# [Data to examine]

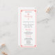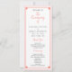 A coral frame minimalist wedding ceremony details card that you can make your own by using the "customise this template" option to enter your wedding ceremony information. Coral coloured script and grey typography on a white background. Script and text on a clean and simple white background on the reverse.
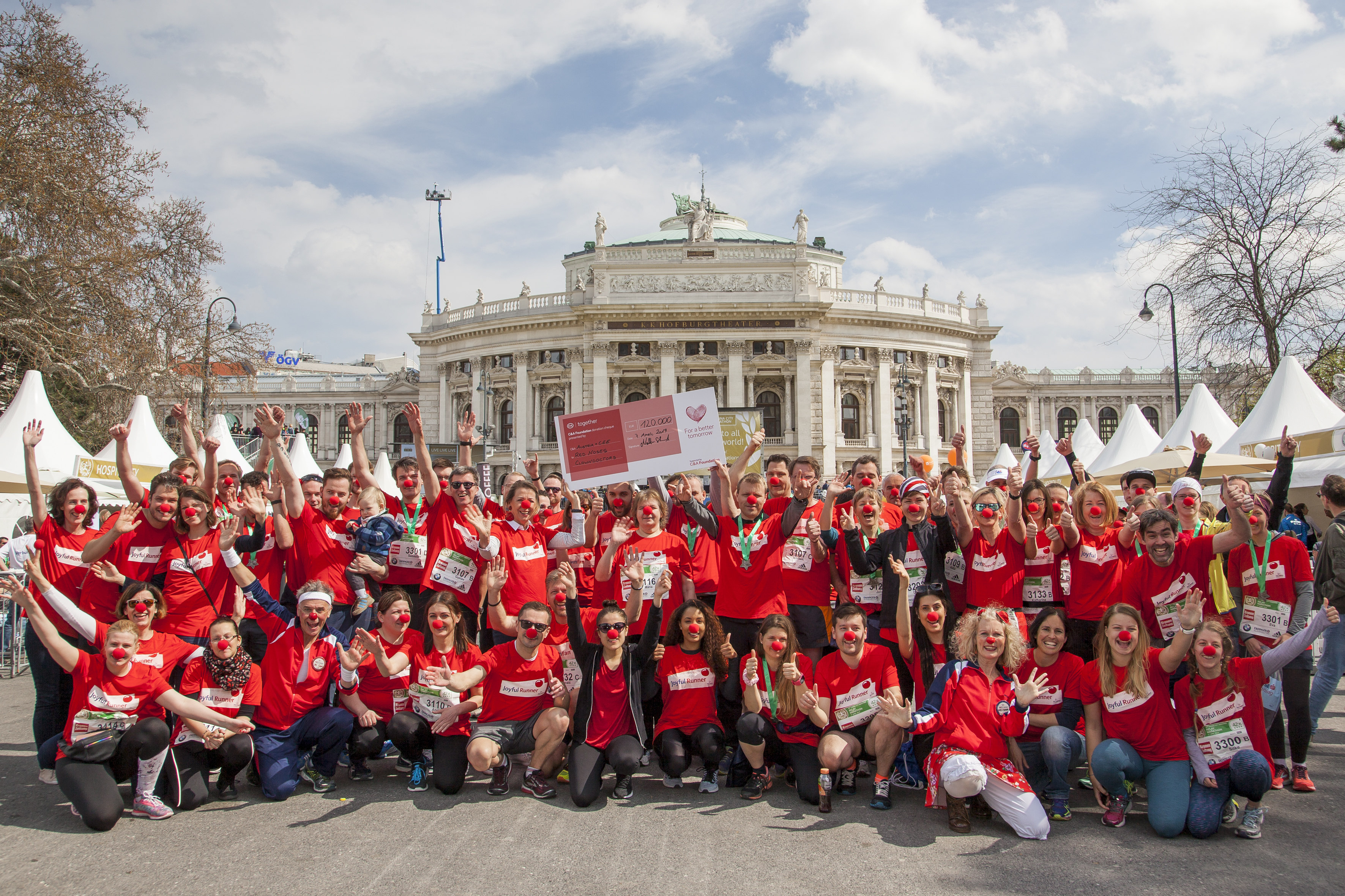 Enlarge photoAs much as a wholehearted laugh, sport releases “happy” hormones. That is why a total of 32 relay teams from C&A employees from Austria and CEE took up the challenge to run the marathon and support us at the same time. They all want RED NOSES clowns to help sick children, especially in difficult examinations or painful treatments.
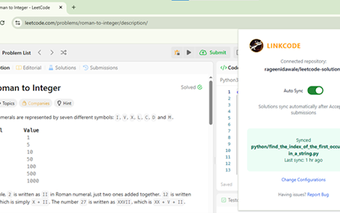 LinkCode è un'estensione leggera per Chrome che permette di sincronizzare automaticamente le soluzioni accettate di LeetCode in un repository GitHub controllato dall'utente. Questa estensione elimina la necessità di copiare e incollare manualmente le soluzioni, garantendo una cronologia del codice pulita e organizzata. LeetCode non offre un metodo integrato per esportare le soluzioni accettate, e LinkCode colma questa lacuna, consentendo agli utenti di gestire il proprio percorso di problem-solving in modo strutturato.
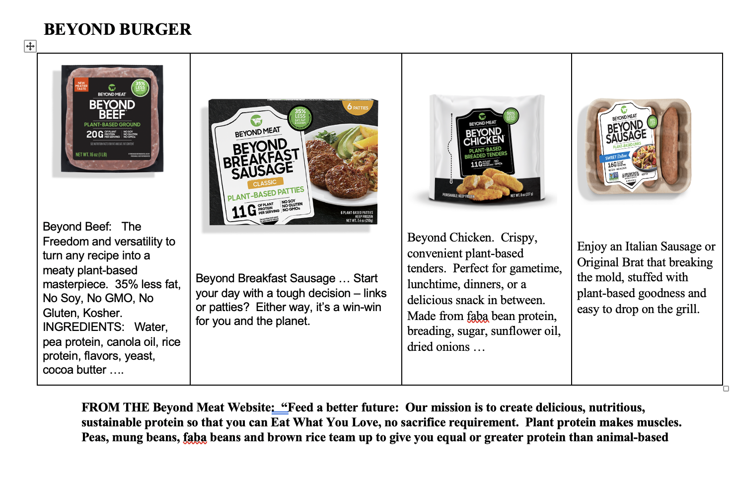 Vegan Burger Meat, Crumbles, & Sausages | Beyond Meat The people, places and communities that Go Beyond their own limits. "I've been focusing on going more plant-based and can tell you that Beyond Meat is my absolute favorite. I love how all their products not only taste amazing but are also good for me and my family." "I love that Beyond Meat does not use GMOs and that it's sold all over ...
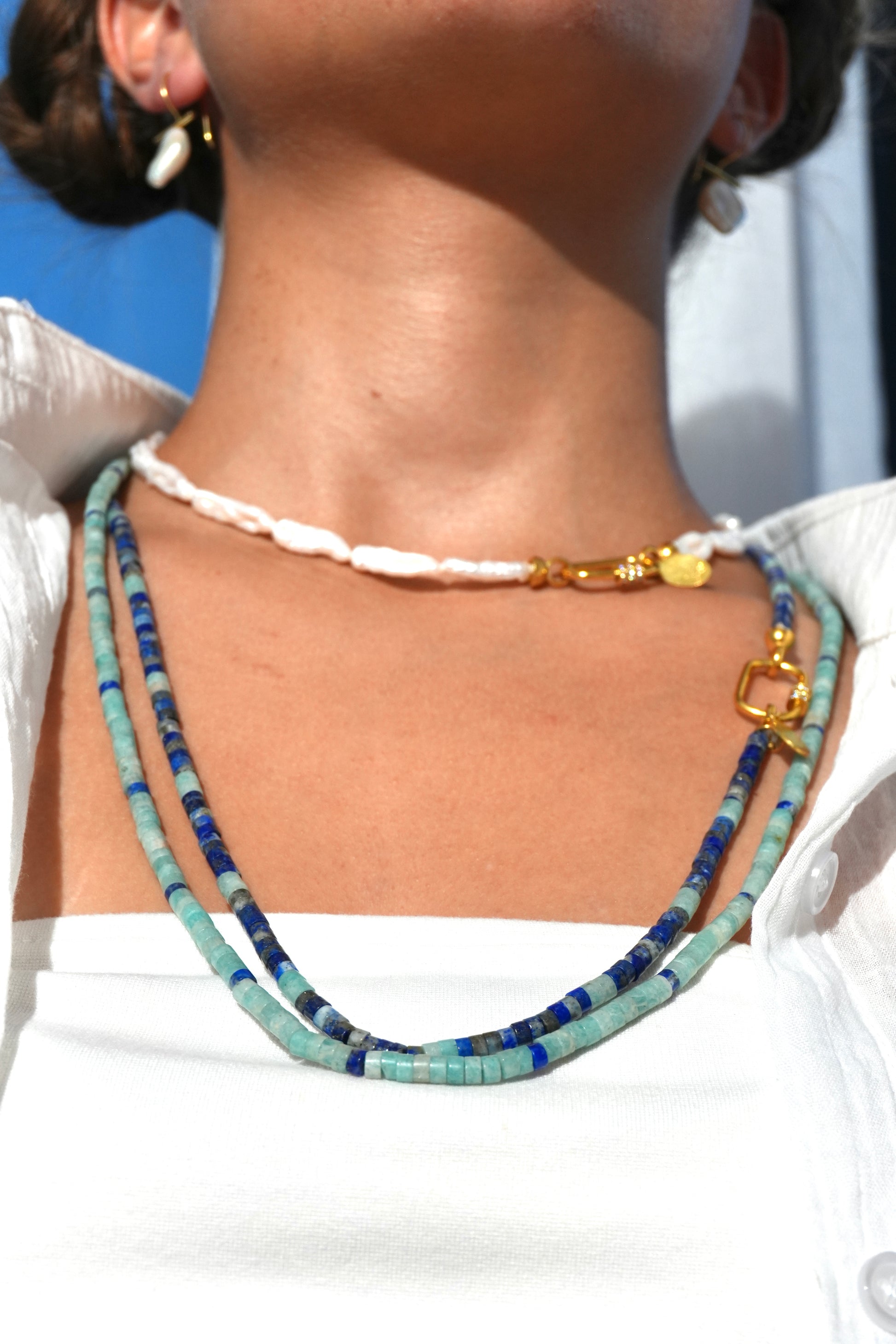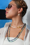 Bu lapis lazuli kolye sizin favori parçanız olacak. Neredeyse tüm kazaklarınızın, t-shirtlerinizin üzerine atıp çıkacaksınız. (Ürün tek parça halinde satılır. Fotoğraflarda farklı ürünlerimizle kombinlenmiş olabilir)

# [Work request]
Could you retype every record above exactly, leaving the pictures out?

# [Task response]
 A coral frame minimalist wedding ceremony details card that you can make your own by using the "customise this template" option to enter your wedding ceremony information. Coral coloured script and grey typography on a white background. Script and text on a clean and simple white background on the reverse.
 Enlarge photoAs much as a wholehearted laugh, sport releases “happy” hormones. That is why a total of 32 relay teams from C&A employees from Austria and CEE took up the challenge to run the marathon and support us at the same time. They all want RED NOSES clowns to help sick children, especially in difficult examinations or painful treatments.
 LinkCode è un'estensione leggera per Chrome che permette di sincronizzare automaticamente le soluzioni accettate di LeetCode in un repository GitHub controllato dall'utente. Questa estensione elimina la necessità di copiare e incollare manualmente le soluzioni, garantendo una cronologia del codice pulita e organizzata. LeetCode non offre un metodo integrato per esportare le soluzioni accettate, e LinkCode colma questa lacuna, consentendo agli utenti di gestire il proprio percorso di problem-solving in modo strutturato.
 Vegan Burger Meat, Crumbles, & Sausages | Beyond Meat The people, places and communities that Go Beyond their own limits. "I've been focusing on going more plant-based and can tell you that Beyond Meat is my absolute favorite. I love how all their products not only taste amazing but are also good for me and my family." "I love that Beyond Meat does not use GMOs and that it's sold all over ...
 Bu lapis lazuli kolye sizin favori parçanız olacak. Neredeyse tüm kazaklarınızın, t-shirtlerinizin üzerine atıp çıkacaksınız. (Ürün tek parça halinde satılır. Fotoğraflarda farklı ürünlerimizle kombinlenmiş olabilir)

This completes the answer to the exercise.